■ TASK
Begin your copy at the line holding "Fashionable T-shirt for" and end it at the last line of the listing. Keep every line exact and leave out the pictures.

■ DATA SHOWN
============
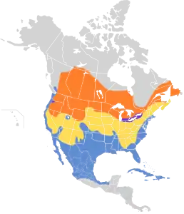 Мігруючи, вони в більшості рухаються на південь до Мексиканської затоки і Атлантичного і Тихоокеанського узбережжя Північної Америки і Великих озер.
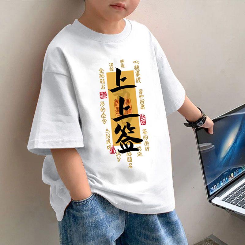 Fashionable T-shirt for baby boys and girls, retro printed red T-shirt for children
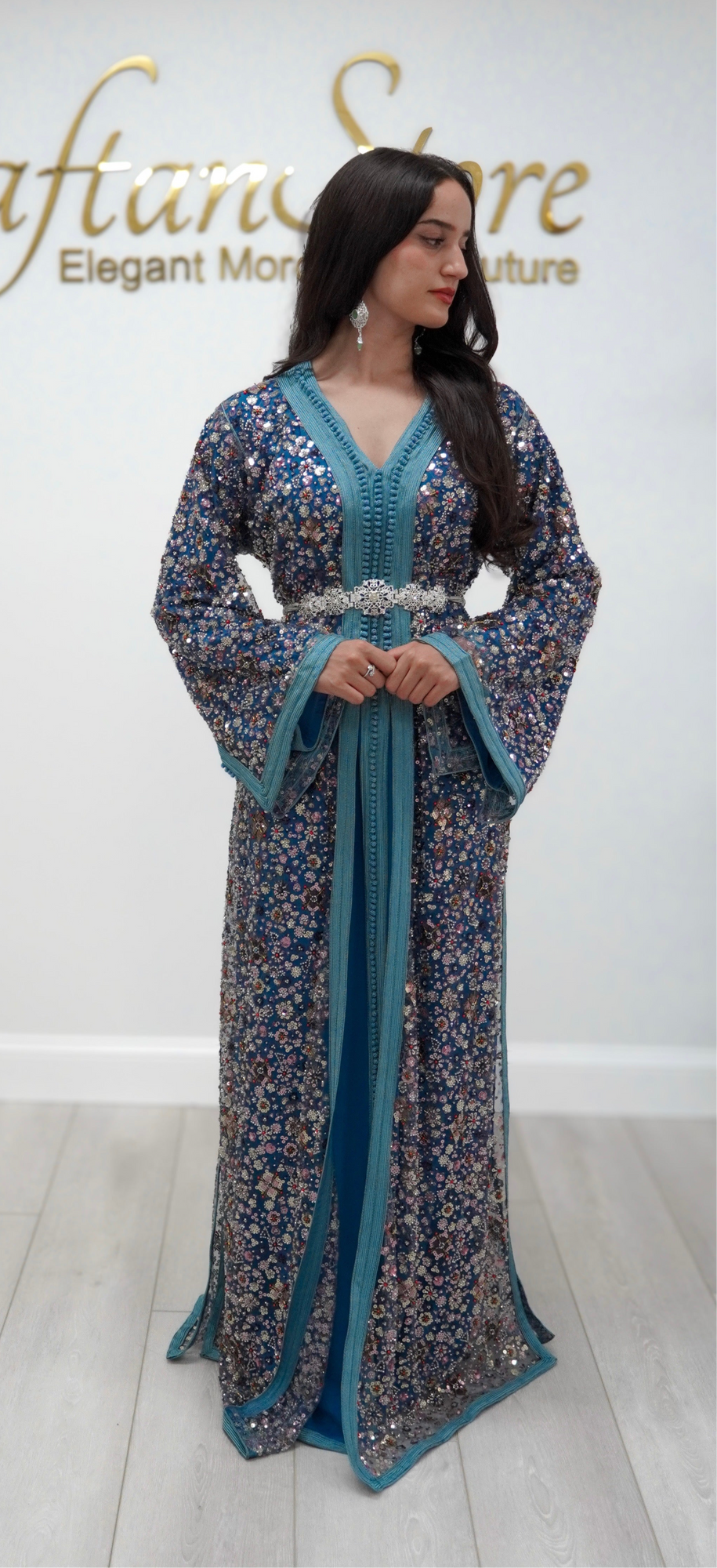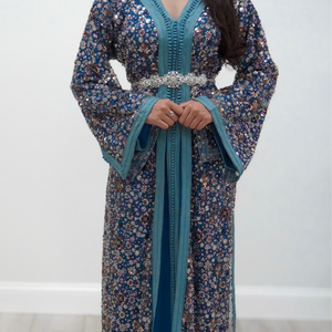Be the best dressed guest in this breathtaking two-piece teal Moroccan caftan. Featuring a luxurious light crepe inner piece and a fully embellished tulle overlay with shimmering floral beadwork and sequins, it’s finished with a striking silver belt for an unforgettable look.
============
■ WRITTEN ANSWER
 Fashionable T-shirt for baby boys and girls, retro printed red T-shirt for children
Be the best dressed guest in this breathtaking two-piece teal Moroccan caftan. Featuring a luxurious light crepe inner piece and a fully embellished tulle overlay with shimmering floral beadwork and sequins, it’s finished with a striking silver belt for an unforgettable look.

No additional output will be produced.